Brown was writing in a November 13 special edition celebrating 60 years of Time Atlantic, years the magazine has covered—or, put rightly, uncovered—heroes. Of the magazine’s 66 heroes, Mandela was the first and was given two pages. Space is scarce in print media and goes with the value of a story.

Of course, three others were given two pages: the Beatles, Mikhail Gorbachev and Princess Diana. But Mandela’s story was the first. The best comes first in almost all media. This, again, speaks volumes of the value placed on this great son of Africa.
Mandela had a reason to hate white South Africans. He had reason to call them strangers and violently chase them from South Africa.

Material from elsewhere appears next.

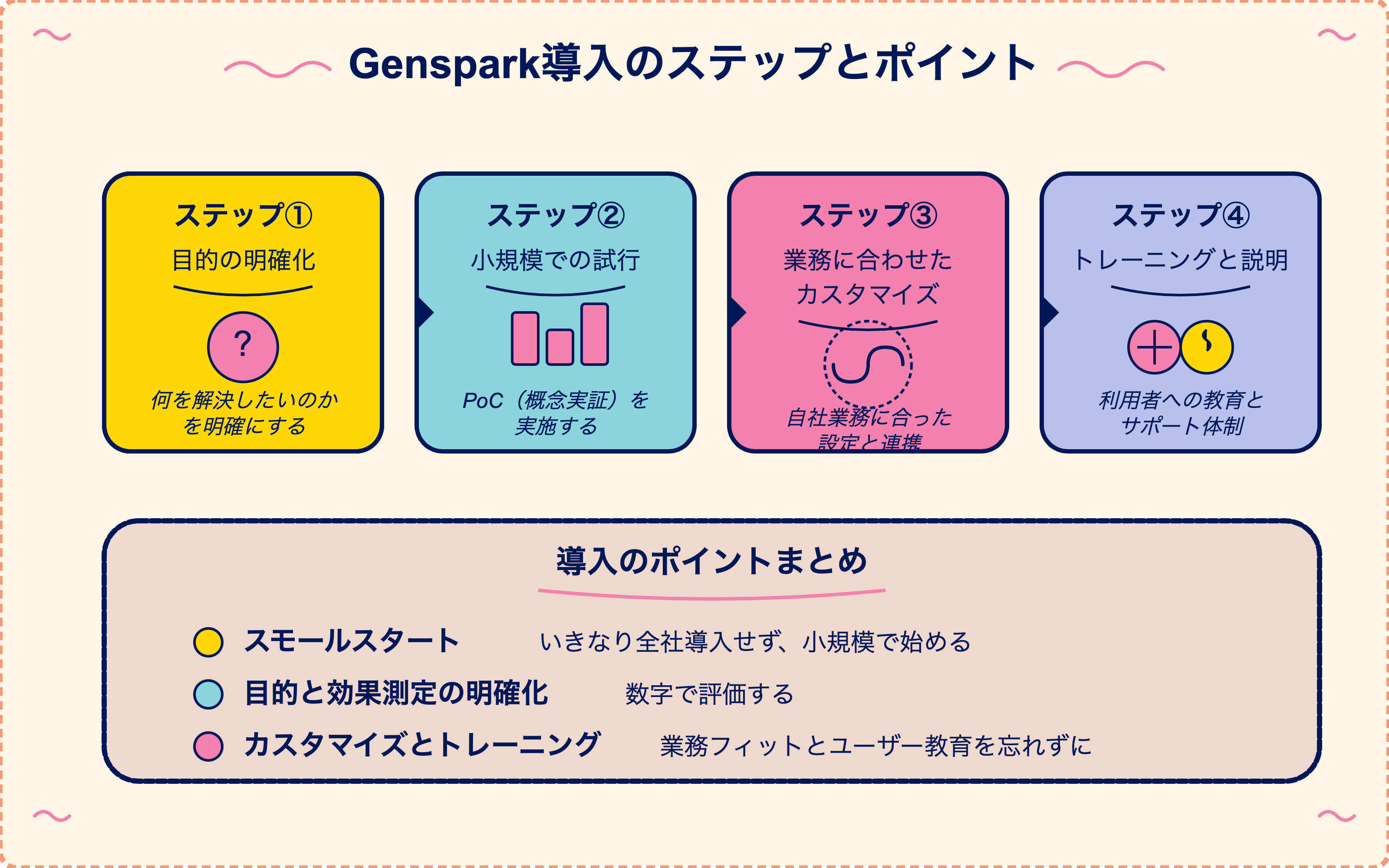 Gensparkは汎用型のAIですが、自社の業務に合った設定や連携(API接続など)を行うことで、より効果的に使えるようになります。

But after 27 years of imprisonment at the hands of the apartheid government, Mandela chose truth and reconciliation, not revenge, but forgiveness. He had been separated from his wife, to whom he wrote lovely letters; he missed his children. He went through the pain of being unable to bury his mother and his first born son, Madiba Thembekile, deaths that made Mandela to look back at his younger self, to evaluate his life.
“Her [the mother’s] difficulties, her poverty, made me question once again whether I had taken the right path,” wrote Mandela in his book, Long Walk to Freedom. “For a long time, my mother had not understood my commitment to the struggle.”
In such times, some people put up a brave face as if they have survived shame and embarrassment, but it is the soul that is bruised; the heart, not the body.

This was the case with Mandela. Questions without answers can be more painful than physical torture. Mandela wondered, without any answer, why his family was put in such an awkward situation. For long he had advised people not to worry about things they could not control. “I was unable to take my own advice,” he says. “I had many sleepless nights.”
The separation from his family resulting from a court case using discriminatory laws was enough to warrant a revenge after his release on Sunday, February 11, 1990.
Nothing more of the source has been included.